Sweater Sleeve Kid Pants Tutorial

This is not fine sewing — you'll want to skip this post if your inner perfectionist screams at the idea of "winging it." This is a fun and funky tutorial to help you make a pair of kids pants out of the sleeves of a wool sweater. I used a pair of 18-mos-sized sweatpants as a pattern, and adjusted for length to fit my tall 2-1/2-year-old. The sweater I used is at least an adult XL with long, raglan sleeves. To see the other pants that I made with sweater sleeves, see my original post here.

What you will need:
  • A 100% wool sweater, adult-size (Large, XL or beyond)

  • A pair of kid pants that have a rise that fits the child recipient (you can add length if you have enough sweater)

  • Enough 1/2-inch elastic to wrap around the child's waist, plus a little extra (you could use other elastic widths, just make sure to adjust the waistband accordingly)

Step 1: Gather your materials
Start with a Large or XL, 100% wool, adult-sized sweater. The bigger the better, because you never know how much it will shrink when you "felt" it.

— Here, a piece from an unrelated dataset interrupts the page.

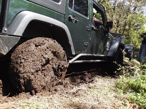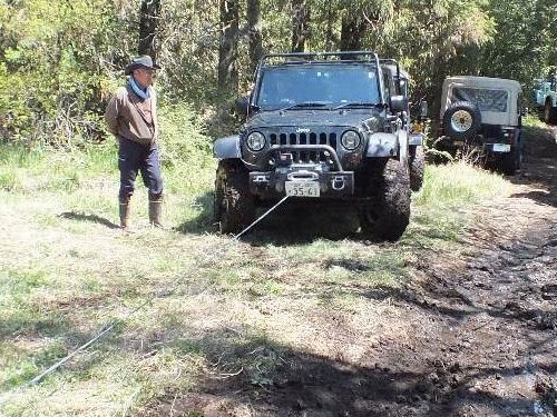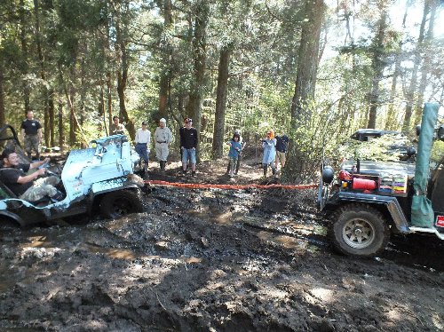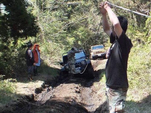 泥沼にはまった、TJラングラーをソフトカーロープで引いて救出。

Step 2: Cut out your pattern
Cut along the inseam of the pants that will become the pattern. This photo looks like I cut through both layers together, but I didn't. If you look at the back of the pants, you can see I started on the other side and worked my way around. I used size 18 mos. sweatpants, because I knew that the inseam fits my two-and-a-half-year-old, and that I could add length.

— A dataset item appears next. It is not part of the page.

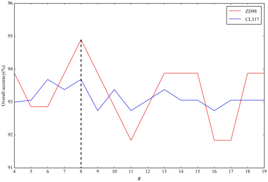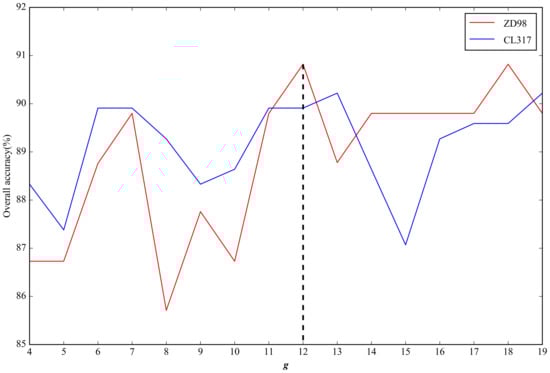 The effects of g on overall accuracy based on the datasets ZD98 and CL317 after ACC transformation of the physicochemical property matrices.

Step 3: Get your fabric ready
Wash and dry the wool sweater to "felt" it. Cut the sleeves off sweater at the seams. I washed and dried this wool sweater in hot water with soap a few times before deciding to cut into it. I could have "felted" it more, but I figure it's fine as is.

Step 4: Layout your pattern (part 1)
With inseam and sleeve seam on the same side, lay the "pattern" over the "fabric."

Step 5: Layout your pattern (part 2)
Make sure the you have enough width at the top by stretching out the elastic. Move the pattern up or down till you get enough width for the waist (plus a small seam allowance) as well as the right length at the bottom.

Step 6: Cut inseam
Following the curve of the sweat pants inseam, cut the sweater to match. On these sweats, the inseam has the same curve for the front and back. The only difference is the rise is shorter in the front, longer in the back.

Step 7: Rough cut the waist
Follow the curve of the highest part of the waist (the back) and leave an extra inch or so for turning to make the casing for the elastic.

Step 8: Trim the front rise (part 1)
With inseams up, place the pant leg on top of the sweater in preparation for trimming the waist. See how the rise is lower in the front.

Step 9: Trim the front rise (part 2)
Leaving about an inch allowance for the casing for the elastic, and following the curve of the waist, trim off the excess waist in the front of the pants (see orange line in step 8).

Step 10: Rough cut second leg
With inseams on the same side, lay the first leg/sleeve on the second sleeve to use as a pattern. Cut rise and waist.

Step 11: Trim waist/front rise of second leg
Make sure that you flip the second leg over, so that inseams are where they should be — on the inside. You are making mirror copies of the legs, a right and a left leg. You don't want two of the same leg. Match up the crotch and the waists, then trim the front waist/rise of the second leg. I ended up trimming a bit of the back because it curved up to a point. You want it to be fairly straight across the back.

Step 12: Prepare for sewing
Turn one leg wrong-side out, then insert the other leg so that the right-sides are together and the inseams match up.

Step 13: Pin together
With inseams (and stripes if you have them) matched up, pin legs together. Make sure the waist and rise match. One of my legs had some excess at the back rise, so I trimmed it off.

Step 14: Sew inseam
With a zigzag stitch, sew along inseam, removing pins before you get to them. Sew inseam twice. To get the knit fabric to go through my machine smoothly, I pulled a little on the back of it as I was sewing.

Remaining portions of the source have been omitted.